Говоря "самого", Столыпин заметно покривился, словно раскусил горькую миндалину.
"Не любишь ты "святого старца", - подумал опер. - По истории помню, что врагами вы были лютыми. Хотя, чего им делить-то было? Гришка, конечно, тот ещё сукин сын.".
- А, кстати, - повернув голову, Стас увидел, что Премьер пристально смотрит на него. - Почему вы по этой дорожке не пошли?
Опер бестрепетно встретил взгляд Столыпина.
"Нашёл кадета - взглядом давить" - весело подумал он.
Была у него, что греха таить, такая мыслишка. Ну, покуражился бы он лет пять, а потом, нет, уж, две "перестройки" на одну жизнь многовато будет. Дешевле, ей-Богу, революции хребёт сломать. Если не февральской, то октябрьской - обязательно. Только рокировку небольшую произвести.
- Я - русский офицер, - сказал он, заметив, что Премьер всё ещё ждёт ответа. - Разве этого мало?

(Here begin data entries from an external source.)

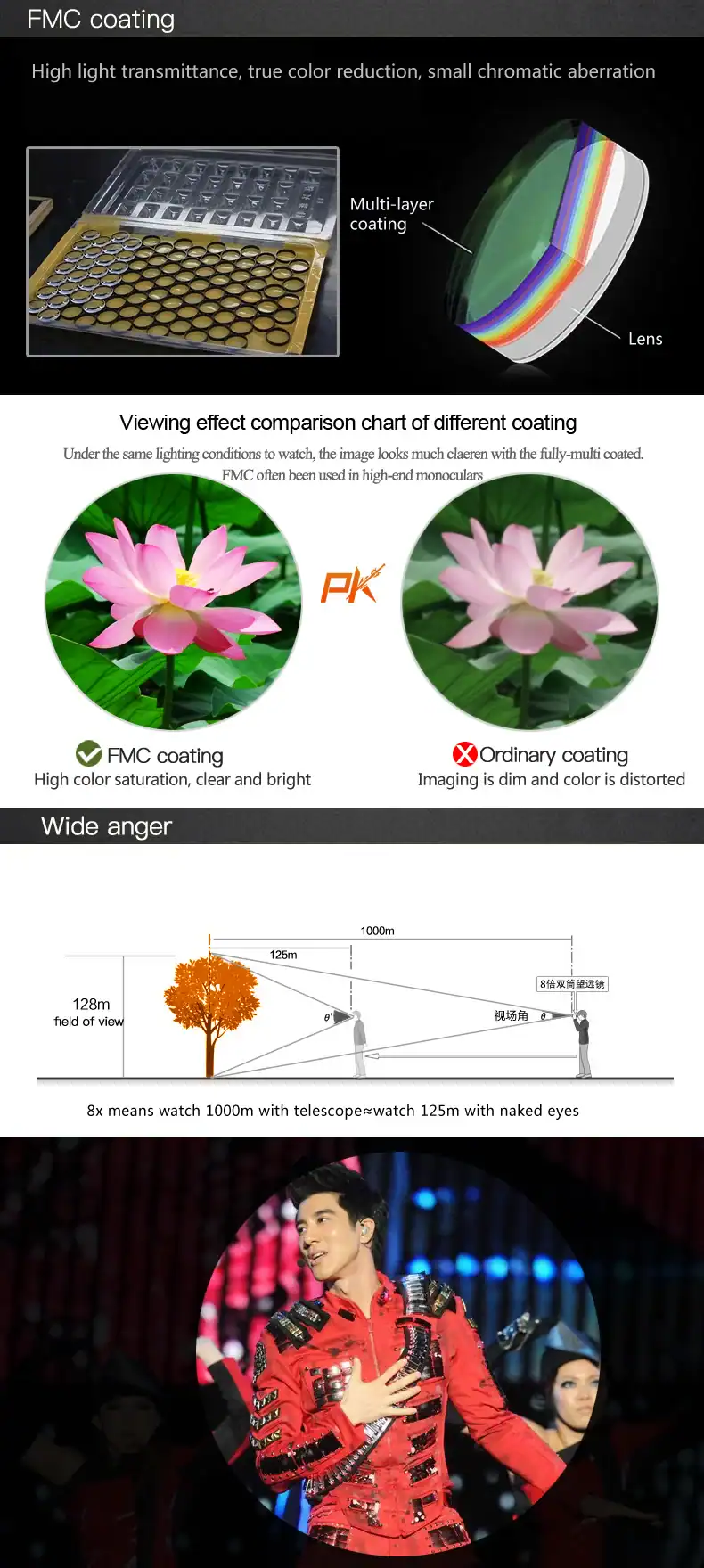 [High Quality Optics Parts]Our Monocular Telescope feature high quality prisms and full multi-layer coated lenses. Minimize chromatic aberrations, giving you images with superior contrast and excellent resolution. Multi-layer prism coatings provide bright, clear images and natural colors even in low light conditions.
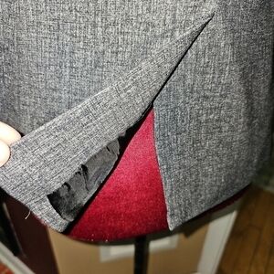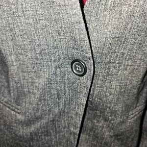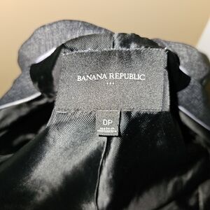 This is a Banana Republic blazer jacket. This is a size 0P. The colors are black/ grey. It has faux pockets and functional buttons on the cuffs. One button clouser. One cuff has some minor wear and pillowing
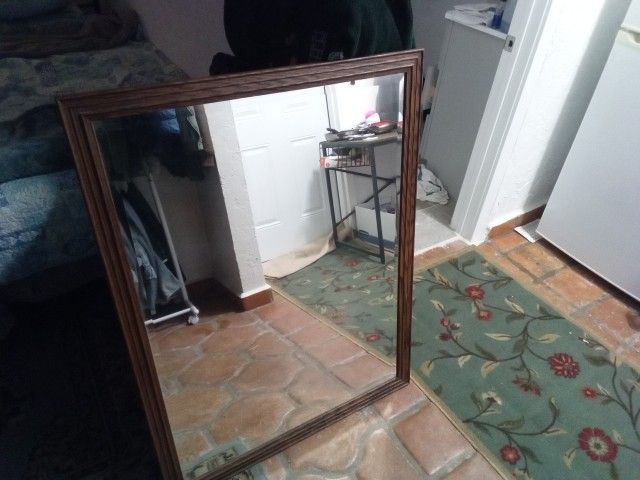 An old but near mint condition vintage wall mirror in a wood frame. Has 2 brackets for hanging on nails/screws long ways.

Стас был абсолютно прав. Колесо Истории, замершее на миллисекунду, скрипнуло, перемалывая угодившую в зубцы песчинку, и продолжало своё неумолимое вращение. Однако, оно чуть-чуть сбилось с прежнего хода, совсем немного, но достаточно, чтобы несколько мелких шестерёнок закрутились по-другому.
Остался жив Премьер-министр Российской Империи Пётр Аркадьевич Столыпин. И, следовательно, усиленного варианта несения службы, того, что заставило полицию и жандармов буквально "рыть носом землю", никто не объявил. А людей, которые в прежней жизни, были задержаны в ходе этих облав, никто не задержал.
И молодой человек, по прежнему варианту задержанный жандармами в знаменитом "Bonbon de Varsovie", едва успев заказать кофе, теперь продолжал смаковать его без помех. Лицом парень был смугл, носил усы - вся его внешность явственно выдавала в нём горца. Впрочем, эпитет "дикий", который так любят ставить впереди этого слова, к нему совершенно не подходил. Вполне приличный костюм сидел на нём, как влитой, а поведение явно свидетельствовало о хороших манерах. Звали этого молодого человека Иосиф. Это было имя, данное ему при рождении. Друзья же звали его просто - Сосо.
Он поставил опустевшую чашечку на столик, взглянул на циферблат карманных часов. Тот, кого он здесь ждал, уже опаздывал на две минуты. Вот, чего он не любил, так это необязательности. Впрочем, приходилось, скрепя сердце, терпеть. Человек должен был принести ему новый паспорт. Неделю назад Сосо бежал из ссылки, которую отбывал в городке под названием Сольвычегодск. И теперь любой полицейский, бросив на него взгляд, мог потребовать документы.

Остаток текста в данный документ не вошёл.